There used to be a pool hall on this stretch of North Avenue where I grew up. We’d go there and shoot dice. Like 15, 16, I was hanging out in a pool hall with grownups and gambling. I seen West Side shit and grew up around West Side people. Whatever you see in me or how I speak, I am West Side Chicago certified.
I got in a lot of trouble in school, starting in seventh or eighth grade. Constant joking in class and always wilding out. I had undiagnosed ADHD. It was like, “Oh, he’s just impulsive.” I graduated from Steinmetz with a 1.9 GPA. One point nine!
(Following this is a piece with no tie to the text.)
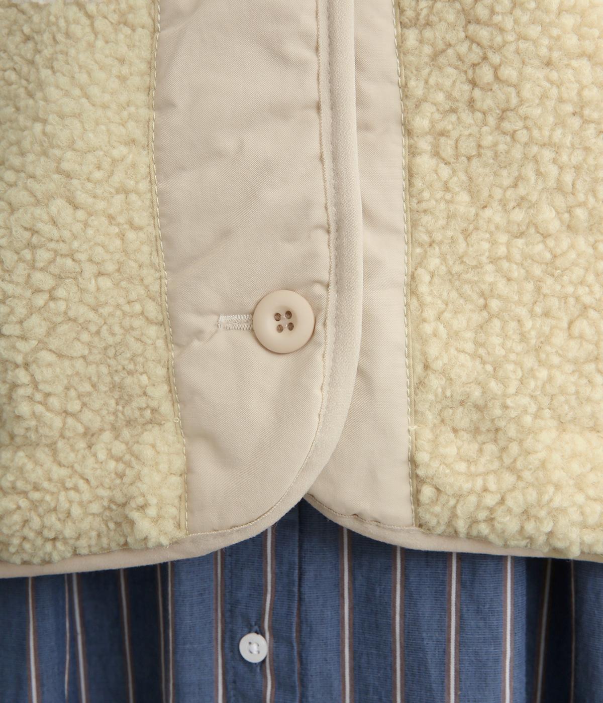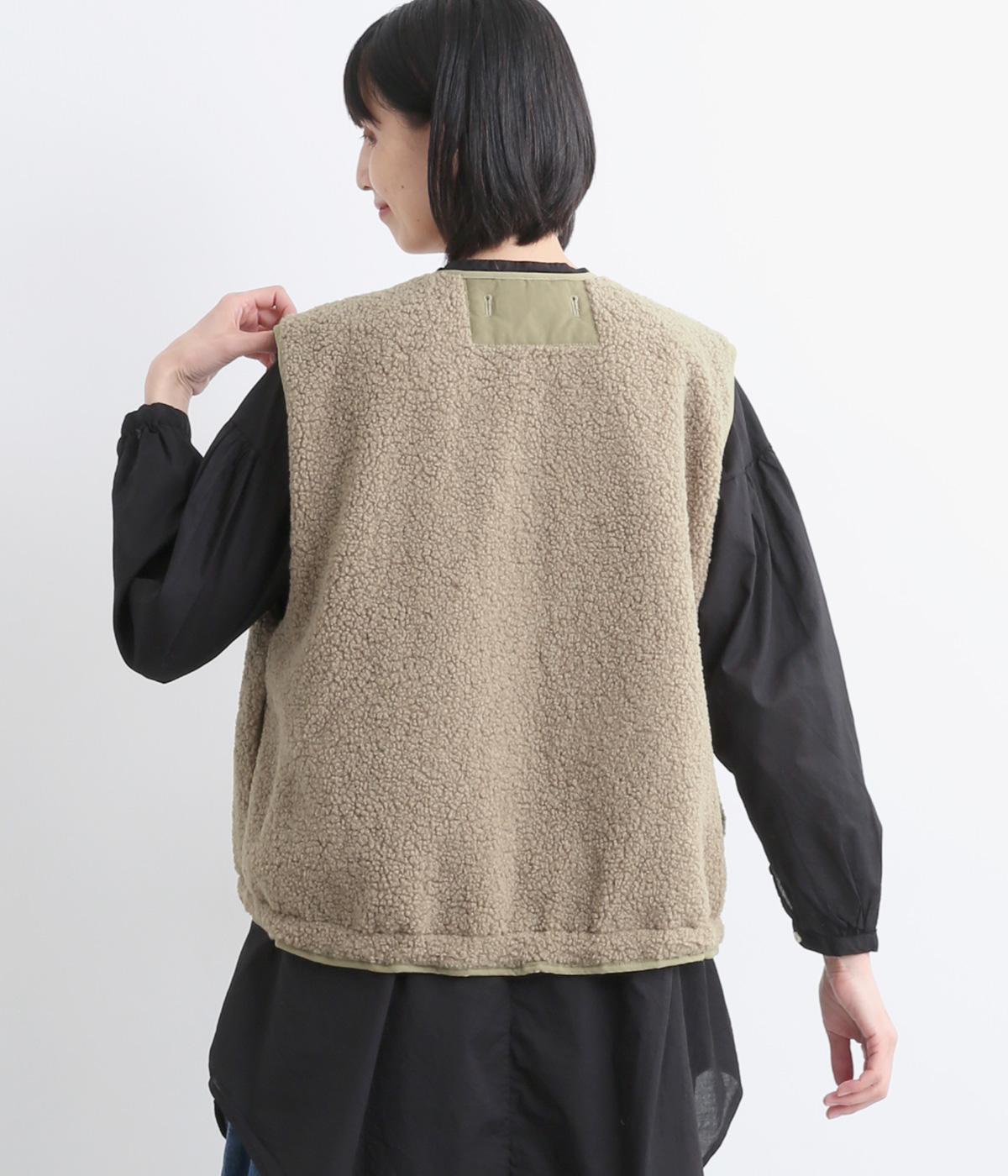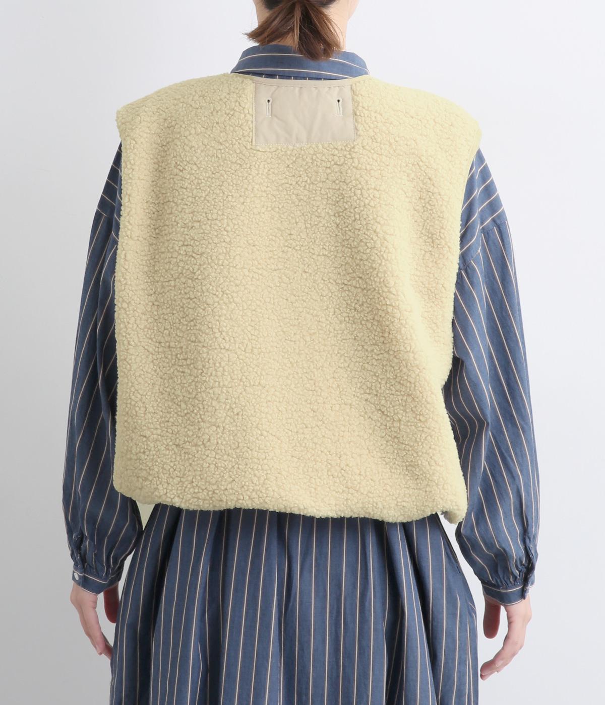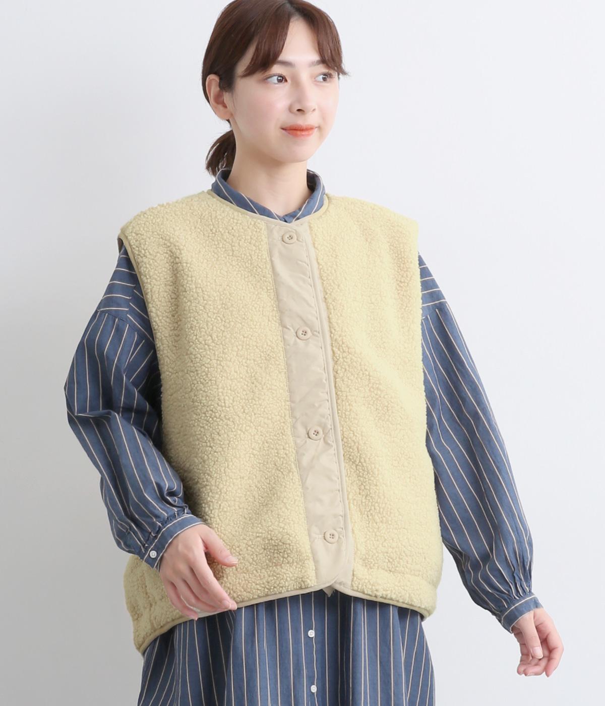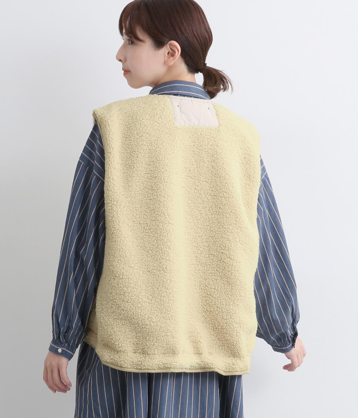 ペーパータッチの軽いコットンナイロンと、もこもことした肌触りが気持ちのいいボアのリバーシブルベスト。ボリュームがありながらもレイヤードしやすい軽量仕上げ。

At SNL, I was getting my first solid paycheck — a few grand every week, which was nice. What’s funny is, my credit was fucked up because when I first moved to New York in ’06, I was out of money and did an empty-envelope deposit at Washington Mutual. You’d write an amount on the envelope, put it in, and sometimes the machine trusted you. I withdrew like $1,200. After they found out, the only place I could get an account was in Chicago at TCF Bank. Looking back, I should’ve just FedExed the checks to my mom, but I guess I was stupid or didn’t want her to know, so I made specific trips to Chicago just to put money in the bank. One time I flew from LaGuardia to O’Hare, went to the bank, deposited the checks, then got back in the car and went back to the airport.
I’d known for a while I had ADHD. But being in a writers’ room, unmedicated, was not conducive to how I was. I just was terrible at the job instead of figuring out ways to be better at it with how my brain operates. There were times you had to be there — pitch meetings, read-throughs, rewrites — but you had a lot of free time. Dude, I went to a Knicks game on a Friday. I wasn’t mature enough to say, I don’t think I’m working at my optimal level.
Being famous, you constantly get to work on your social skills. I’m still adjusting. You might come up to me and be like, “Can I take a picture?” And I’ll be like, “Sure, let’s do it. You wanna do a pose? Let’s do prayer hands and look off in different directions.” Or I might say, “Absolutely not. I don’t feel like it right now.” It’s just about recognizing that people are excited about you and appreciating that, but also protecting your personal space and psychological boundaries.
I try to be mature, but I am a sarcastic motherfucker. Anyone who has spent a few hours with me or seen my show knows I say some shit that’s slick. In my mind, I’m just having fun. But sometimes, if people don’t know me from standup, it cuts in a different way.
If somebody doesn’t like my comedy or my performance in a movie, it’s not ideal, but that’s an opinion and you gotta take that. But it’s weird when people lie on you. If you search “Hannibal Buress landlord” on Twitter, it’s the wildest shit you’ll ever see.
I don’t like Trump, but I gotta say: His steak company was amazing.
Getting sober was from a mix of things. I got arrested in Miami in 2017. The shit was embarrassing — I was on TMZ drunk-talking to the cop. That made me think, OK, from a straight-up numbers standpoint, what is alcohol bringing into my life? Is it bringing me money? No. Is it bringing me women? Maybe. But am I able to get them without drinks? Probably. And it cost me money. Missing my flight and having to charter a jet for $50K just to make it to the Justin Bieber roast definitely was a result of drinking. And I lost a corporate gig in Utah because they saw that Hannibal got arrested. Down $75K. Now I just look and feel better. There’s more mental clarity.
I still do edibles and psychedelics. I could never go full straight-edge. And I don’t have the desire to.